Какъ хорошо содержится старый домъ Дальмансъ-Дейнда! Въ большой комнатѣ, куда васъ ввели, васъ не поражаетъ самая современная роскошь, послѣдній фасонъ мебели, картины, которыя поспѣшно закончилъ модный художникъ. Нѣтъ, это простая и богатая обстановка. Мебель куплена не случайно, изъ-за какого-нибудь каприза, это солидные диваны, массивныя кресла изъ краснаго дерева, стиля empire, украшенные зеленоватымъ бархатомъ. Хозяева обновляютъ подушки очень заботливо; они полируютъ старинное дерево, обращаются съ креслами, какъ со старыми слугами дома, никогда не замѣняютъ ихъ новыми.

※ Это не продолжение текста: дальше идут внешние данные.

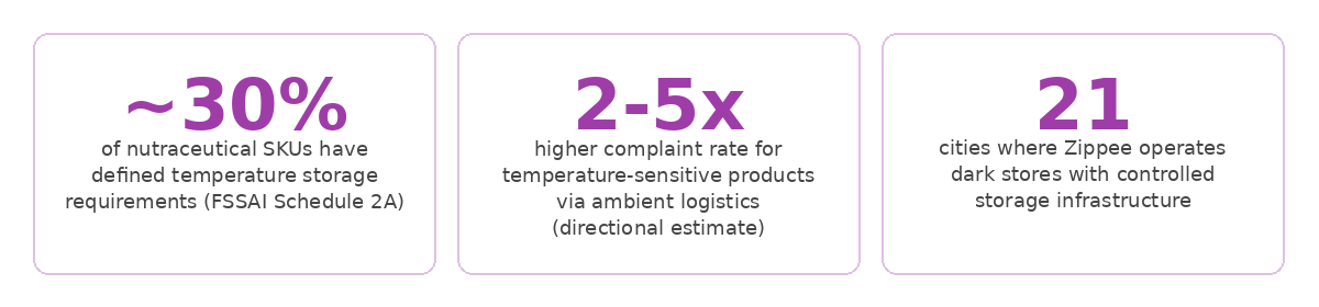 A significant share of nutraceutical and pharmaceutical SKUs are temperature-sensitive, and the problem is not limited to biologics or vaccines. Probiotics, fish oil capsules, certain herbal extracts, and multiple OTC products have defined storage conditions. Most D2C brands ship these through standard fulfillment infrastructure with ambient storage and unmonitored last-mile delivery.
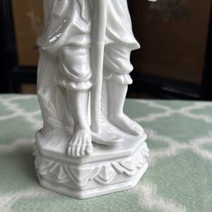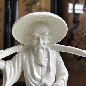 Excellent condition white porcelain figurine of an Asian man in traditional attire carrying a yoke. No damage. About 12” tall.
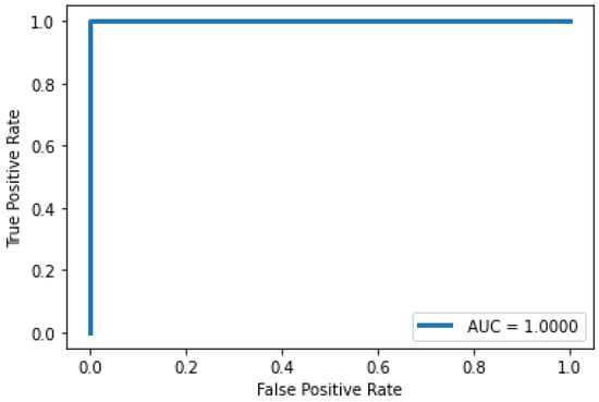 For the selection of hyperparameters, we consulted [44], where unidimensional CNNs were employed to carry out Condition-Based Monitoring in-vessel equipment. The architecture of the networks, along with the applied value of other significant hyperparameters, such as the optimizer’s learning rate or the batch size, is tabulated in Table 7. The results of the experiments established the efficacy of the 1D-CNNs in identifying feverish symptoms to the user. Multiple runs were carried out to ensure the validity of our results. All 30 experiments yielded the same results, as shown in Figure 13 and Table 8. Explicitly, Table 8 presents the confusion matrix of the classifications demonstrating that the networks correctly classified every sample in the test set. Additionally, Figure 13 illustrates the Receiver Operating Characteristic (ROC) curve and the equivalent Area Under Curve (AUC) value, evincing the perfect classification carried out by our proposed classifier.
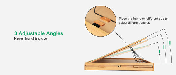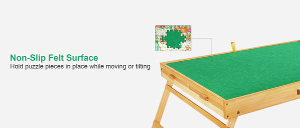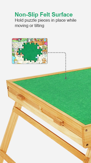 【3 TILTING ANGLES Adjustable】To reduce back and neck pain occurs during puzzling, this jigsaw puzzle table for adults is specially constructed based on Ergonomics, so that it can better provide a comfortable position for puzzle lover.Our puzzle boards with drawers can be adjusted to 3 different degrees to tilt or lay according to your usage.Felt puzzle table top prevent puzzle from falling while tilting.
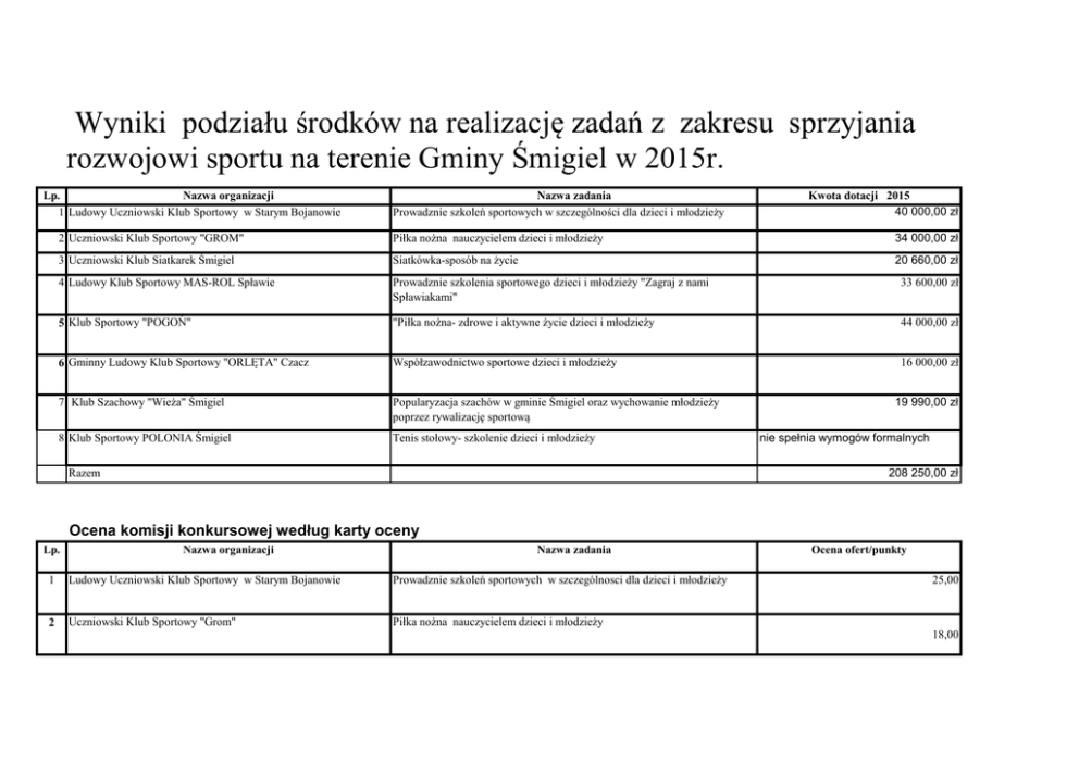 Wyniki podziału środków na realizację zadań z zakresu sprzyjania rozwojowi sportu na terenie Gminy Śmigiel w 2015r. Lp. Nazwa organizacji 1 Ludowy Uczniowski Klub Sportowy w Starym Bojanowie Nazwa zadania Prowadznie szkoleń sportowych w szczególności dla dzieci i młodzieży Kwota dotacji 2015 40 000,00 zł 2 Uczniowski Klub Sportowy "GROM" Piłka nożna nauczycielem dzieci i młodzieży 34 000,00 zł 3 Uczniowski Klub Siatkarek Śmigiel Siatkówka-sposób na życie 20 660,00 zł 4 Ludowy Klub Sportowy MAS-ROL Spławie Prowadznie szkolenia sportowego dzieci i młodzieży "Zagraj z nami Spławiakami" 33 600,00 zł 5 Klub Sportowy "POGOŃ" "Piłka nożna- zdrowe i aktywne życie dzieci i młodzieży 44 000,00 zł 6 Gminny Ludowy Klub Sportowy "ORLĘTA" Czacz Współzawodnictwo sportowe dzieci i młodzieży 16 000,00 zł 7 Klub Szachowy "Wieża" Śmigiel Popularyzacja szachów w gminie Śmigiel oraz wychowanie młodzieży poprzez rywalizację sportową 8 Klub Sportowy POLONIA Śmigiel Tenis stołowy- szkolenie dzieci i młodzieży 19 990,00 zł nie spełnia wymogów formalnych 208 250,00 zł Razem Ocena komisji konkursowej według karty oceny Lp. Nazwa organizacji Nazwa zadania 1 Ludowy Uczniowski Klub Sportowy w Starym Bojanowie Prowadznie szkoleń sportowych w szczególnosci dla dzieci i młodzieży 2 Uczniowski Klub Sportowy "Grom" Piłka nożna nauczycielem dzieci i młodzieży Ocena ofert/punkty 25,00 18,00 3 Uczniowski Klub Siatkarek Śmigiel Siatkówka-sposób na życie 20,00 4. Ludowy Klub Sportowy MAS-ROL Spławie Prowadznie szkolenia sportowego dzieci i młodzieży "Zagraj z nami Spławiakami" 22,50 5 Klub Sportowy "Pogoń "Śmigiel Piłka nożna- zdrowe i aktywne życie dzieci i młodzieży 24,00 6. Gminny Ludowy Klub Sportowy "ORLĘTA" Czacz Współzawodnictwo sportowe dzieci i młodzieży 20,00 7 Klub Szachowy "Wieża" Śmigiel Popularyzacja szachów w gminie Śmigiel oraz wychowanie młodzieży poprzez rywalizację sportową 27,00 8. Klub Sportowy POLONIA Śmigiel Tenis stołowy- szkolenie dzieci i młodzieży 0 Wymagana liczba punktów to 18 Organizacje którym przyznano środki proszone sa o dostarczenie zaktualizowanego kosztorysu zgodnie z przyznaną dotacja Śmigiel dnia 22.12.2014r. Burmistrz Śmigla /Małgorzata Adamczak/

Позолота на зеркалахъ, рамахъ и люстрѣ потеряла давно свой блескъ, а краски на толстомъ коврѣ изъ Смирны выцвѣли отъ солнца, но старые семейные портреты выигрываютъ въ этихъ почернѣвшихъ медальонахъ; букеты, сверкавшіе на коврѣ, приняли гармоническій и спокойный оттѣнокъ сентябрьской листвы. Уже много лѣтъ эти огромныя алебастровыя вазы занимаютъ четыре угла обширной комнаты, кожа изъ Корду покрываетъ стѣны, круглый палисандровый столъ находится посреди зала, а часы, съ серебристымъ боемъ, звонятъ, находясь между бронзовыми канделябрами. Эти старинныя вещи имѣютъ богатый видъ; это реликвіи ихъ пенатовъ. Ажурные чехлы, произведеніе крючка доброй г-жи Дальмансъ, кажутся на подушкахъ изъ темнаго бархата суровыми и красивыми скатертями на алтарѣ.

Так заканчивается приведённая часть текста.